- Materials provided -
Segment Open

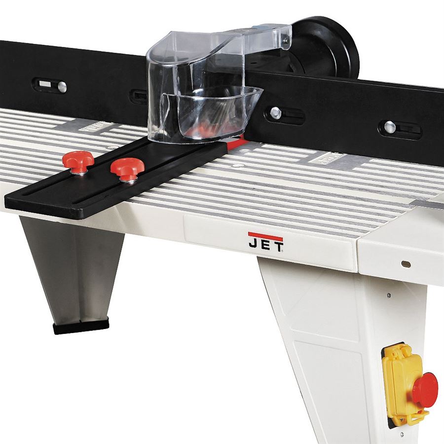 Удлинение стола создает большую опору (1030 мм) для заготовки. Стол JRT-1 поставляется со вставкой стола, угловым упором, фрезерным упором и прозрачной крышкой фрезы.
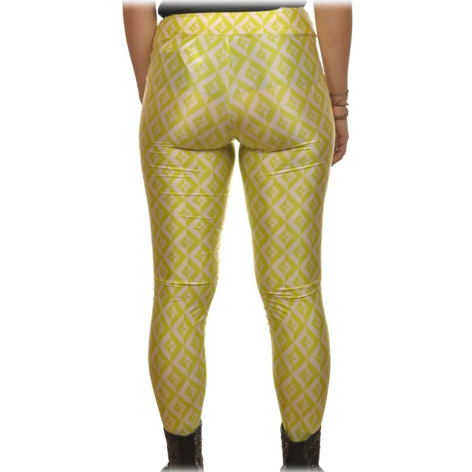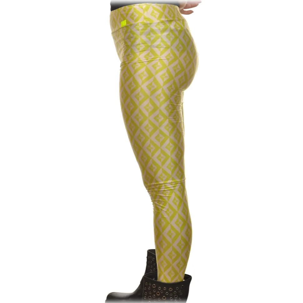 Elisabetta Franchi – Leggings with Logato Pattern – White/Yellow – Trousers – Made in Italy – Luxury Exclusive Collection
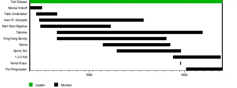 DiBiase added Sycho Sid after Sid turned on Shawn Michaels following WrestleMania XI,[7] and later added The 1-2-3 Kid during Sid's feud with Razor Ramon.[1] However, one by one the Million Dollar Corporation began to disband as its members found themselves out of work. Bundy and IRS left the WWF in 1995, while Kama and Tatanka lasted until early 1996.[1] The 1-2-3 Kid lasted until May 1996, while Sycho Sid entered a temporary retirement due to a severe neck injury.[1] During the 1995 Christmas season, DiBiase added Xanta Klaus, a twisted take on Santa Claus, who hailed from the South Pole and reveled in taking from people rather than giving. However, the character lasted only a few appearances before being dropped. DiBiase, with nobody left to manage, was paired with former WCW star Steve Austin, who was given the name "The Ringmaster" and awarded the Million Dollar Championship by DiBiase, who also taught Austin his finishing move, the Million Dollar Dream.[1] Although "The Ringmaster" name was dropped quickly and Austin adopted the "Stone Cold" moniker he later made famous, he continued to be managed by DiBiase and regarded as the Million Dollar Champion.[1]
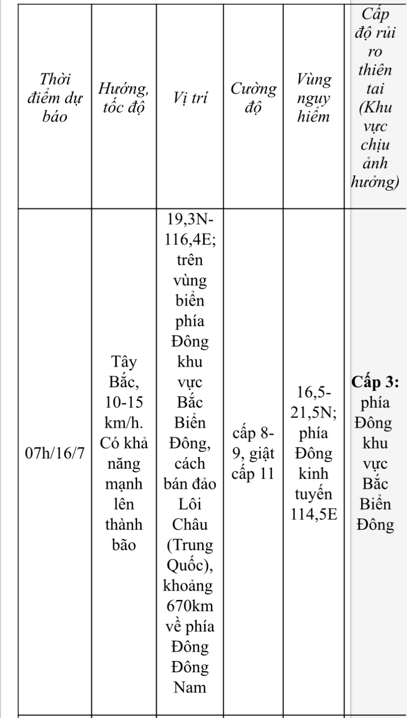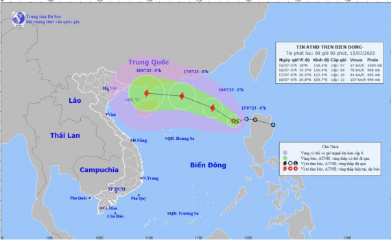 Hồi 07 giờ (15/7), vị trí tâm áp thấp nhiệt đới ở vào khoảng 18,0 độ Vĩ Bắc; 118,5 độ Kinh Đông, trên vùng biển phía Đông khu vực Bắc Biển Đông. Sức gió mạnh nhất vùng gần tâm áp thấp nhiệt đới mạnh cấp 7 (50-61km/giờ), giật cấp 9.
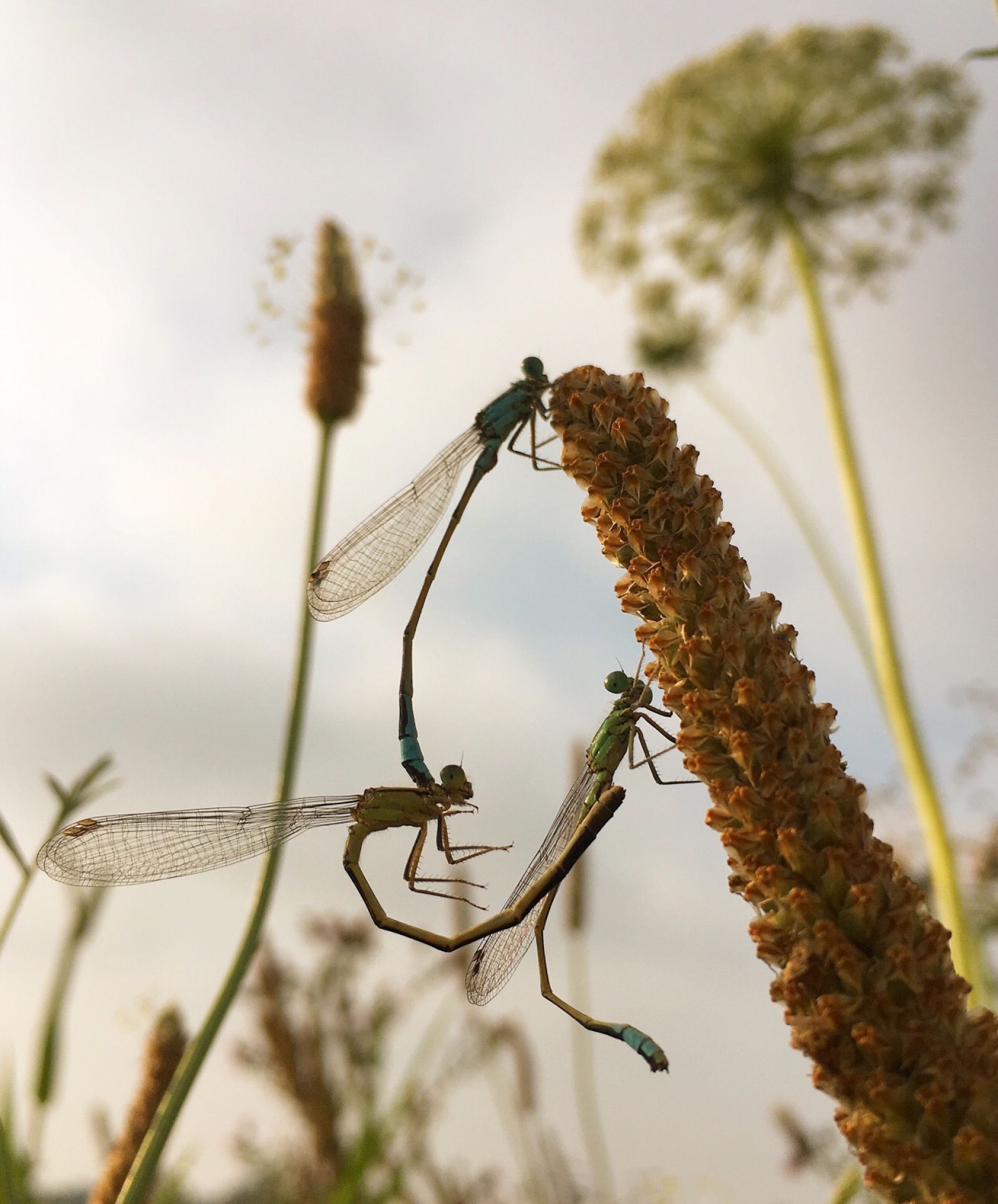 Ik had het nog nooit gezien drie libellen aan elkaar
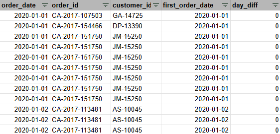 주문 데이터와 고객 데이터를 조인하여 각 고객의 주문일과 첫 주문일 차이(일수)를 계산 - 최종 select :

Segment Closed
Segment Open

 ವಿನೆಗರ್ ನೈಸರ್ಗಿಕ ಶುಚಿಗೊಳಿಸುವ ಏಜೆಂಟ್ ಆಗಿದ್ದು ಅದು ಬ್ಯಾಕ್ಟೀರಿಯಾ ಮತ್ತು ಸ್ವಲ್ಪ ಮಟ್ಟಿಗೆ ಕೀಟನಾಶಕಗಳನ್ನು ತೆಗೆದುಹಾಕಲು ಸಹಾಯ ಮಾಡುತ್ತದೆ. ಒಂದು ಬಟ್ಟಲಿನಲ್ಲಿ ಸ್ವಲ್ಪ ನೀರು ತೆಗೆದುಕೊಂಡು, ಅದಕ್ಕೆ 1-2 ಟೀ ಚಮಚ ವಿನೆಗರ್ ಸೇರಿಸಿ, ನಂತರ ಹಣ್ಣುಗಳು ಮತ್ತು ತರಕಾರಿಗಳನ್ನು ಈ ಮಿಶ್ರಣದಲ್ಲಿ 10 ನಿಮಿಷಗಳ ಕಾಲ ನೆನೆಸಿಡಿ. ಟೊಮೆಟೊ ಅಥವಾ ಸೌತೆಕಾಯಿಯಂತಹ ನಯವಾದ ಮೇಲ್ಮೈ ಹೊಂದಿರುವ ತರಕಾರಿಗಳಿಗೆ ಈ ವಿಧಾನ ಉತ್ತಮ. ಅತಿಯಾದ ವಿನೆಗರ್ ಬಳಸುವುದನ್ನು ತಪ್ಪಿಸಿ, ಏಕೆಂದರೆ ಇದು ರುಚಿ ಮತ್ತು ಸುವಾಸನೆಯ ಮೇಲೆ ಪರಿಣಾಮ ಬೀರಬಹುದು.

Segment Closed
Segment Open

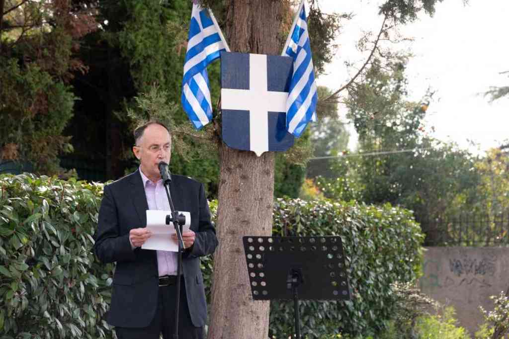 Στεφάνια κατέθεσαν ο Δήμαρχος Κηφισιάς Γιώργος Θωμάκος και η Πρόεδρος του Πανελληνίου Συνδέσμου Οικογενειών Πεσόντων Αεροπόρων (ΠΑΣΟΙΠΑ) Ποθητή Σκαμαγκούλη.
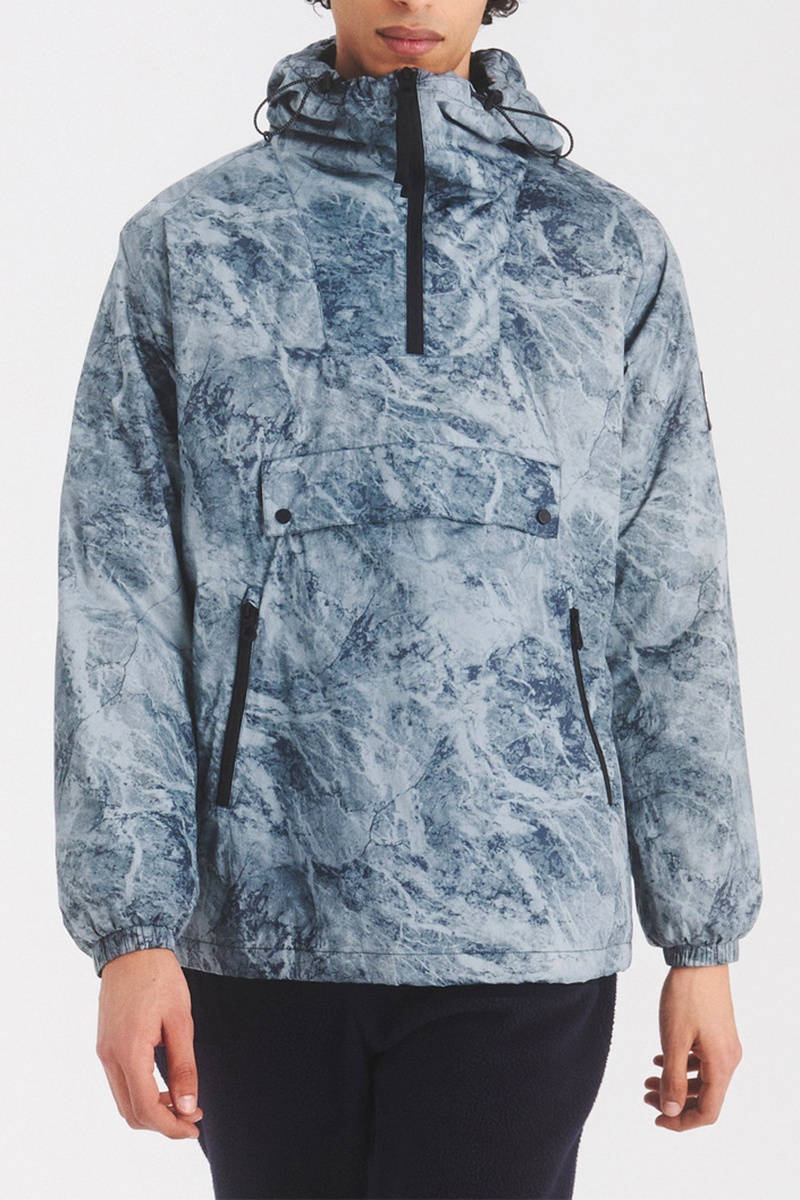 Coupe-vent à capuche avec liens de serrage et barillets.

Segment Closed

- Exercise aim -
In the listing above, find the line containing "Удлинение стола создает" and the line containing "Elisabetta Franchi –". Print those two lines and every line between them exactly, with no pictures.

- Your response -
 Удлинение стола создает большую опору (1030 мм) для заготовки. Стол JRT-1 поставляется со вставкой стола, угловым упором, фрезерным упором и прозрачной крышкой фрезы.
 Elisabetta Franchi – Leggings with Logato Pattern – White/Yellow – Trousers – Made in Italy – Luxury Exclusive Collection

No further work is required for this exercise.